Greenhut añade: «Como señaló acertadamente el papa Francisco, algunas personas utilizarán sus recursos para explotar a otras. Pero olvida convenientemente que las injusticias han existido a lo largo de la historia. A medida que se ha expandido la economía de mercado basada en los derechos de propiedad, la pobreza extrema ha retrocedido en todo el mundo. La población que vive en la pobreza extrema ha descendido vertiginosamente en paralelo al crecimiento de los “dogmas” económicos que el papa denuncia. Quizás haya una conexión».


Las reglas de la riqueza

Por supuesto, muchas personas siguen enfrentándose a dificultades extremas, y la pandemia no les ha mejorado la vida. Pero, ¿es la confiscación o la redistribución de la riqueza personal la respuesta?

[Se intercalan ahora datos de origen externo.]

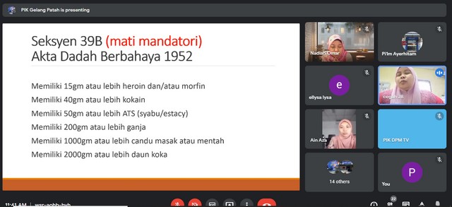 19 Disember 2021 | Aktiviti TerkiniProgram Cegah Dadah adalah program yang dijalankan oleh PEDi dan juga pihak Agensi Anti dadah Kebangsaan AADK. Tujuan program ini diadakan adalah untuk memberi pendedahan kepada para remaja dan juga ibu-bapa mengenai risiko dan kesan terhadap penyalah gunaan barang terlarang “Dadah” seperti Methaphetamine, Syabu dan lain-lain lagi. Pihak AADK turut menasihatkan agar golongan belia yang di berumur 19-39 tahun agar sentiasa berhati-hati untuk tidak terjerumus dalam kancah ini kerana mereka adalah golongan yang paling ramai terjerumus kedalam kancah penyalahgunaan Dadah. Mengikut Statistik yang dikeluarkan oleh Agensi Anti-dadah Kebangsaan, pada tahun 2014 terdapat seramai 15,986 golongan belia yang terjerumus kedalam penyalahgunaan Dadah dan jumlah ini meningkat pada tahun 2019 iaitu seramai 18,986 orang. Peningkatan ini berada pada tahap yang membimbangkan, dan diharapkan semua pihak samada Kerajaan ataupun pertububuhan bukan kerajaan “NGO” mengambil serius pada isu ini agar ianya tidak berlarutan.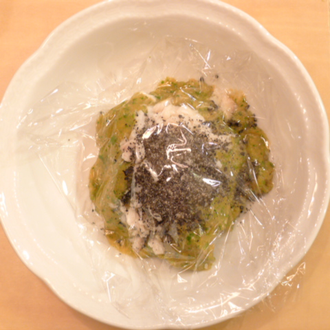 【おやつ】野菜25g 南瓜10g もち麩(半兵衛1.2g) 湯

A modo de ejemplo, si el Gobierno federal adquiriera de alguna manera hasta el último céntimo de los activos de los 15 multimillonarios más ricos de EE. UU., que suman un total de 921 900 millones de dólares, y luego extendiera un cheque a cada persona de esta nación de 328,2 millones de habitantes, la parte que le correspondería a cada individuo sería de 2808,96 dólares, y eso sería un pago único.

El que acumula con su trabajo aumentará su riqueza.

La Biblia tiene mucho que decir sobre la riqueza y, dependiendo de cómo se adquiera y se utilice, si es buena o mala. «La riqueza obtenida con deshonestidad se reducirá, pero el que acumula con su trabajo aumentará», leemos en Proverbios 13:11. En otras palabras, la persona cuya dura labor, ingenio e inventiva producen riqueza puede contar con que le llegará más riqueza; la persona que se hace rica mediante el engaño perderá lo que ha ganado. Del mismo modo, «el que tiene la mano floja se empobrece, pero la mano del diligente enriquece» (10:4).

Y aquí está esta instrucción de la Palabra de Dios: «Cada uno dé según lo que haya decidido en su corazón, no de mala gana ni por obligación [coacción]; porque Dios ama al que da con alegría» (2 Corintios 9:7). Lo que una persona da sigue siendo su elección individual. Es el motivo de la persona, el estado de «su corazón», lo que le importa a Dios.

El pastor Doug Batchelor abordó el tema de la riqueza analizando el consejo bíblico del hombre más rico que jamás haya existido, el rey Salomón. Su estudio bíblico,«El hombre rico, el hombre pobre», demuestra que las pasiones humanas, sean cuales sean, nunca pueden satisfacerse a menos que se entreguen al Señor.

Algún día, si te despojan de tus derechos de propiedad —o de algo más—, ten por seguro lo que no te pueden quitar: tu decisión de seguir al Señor.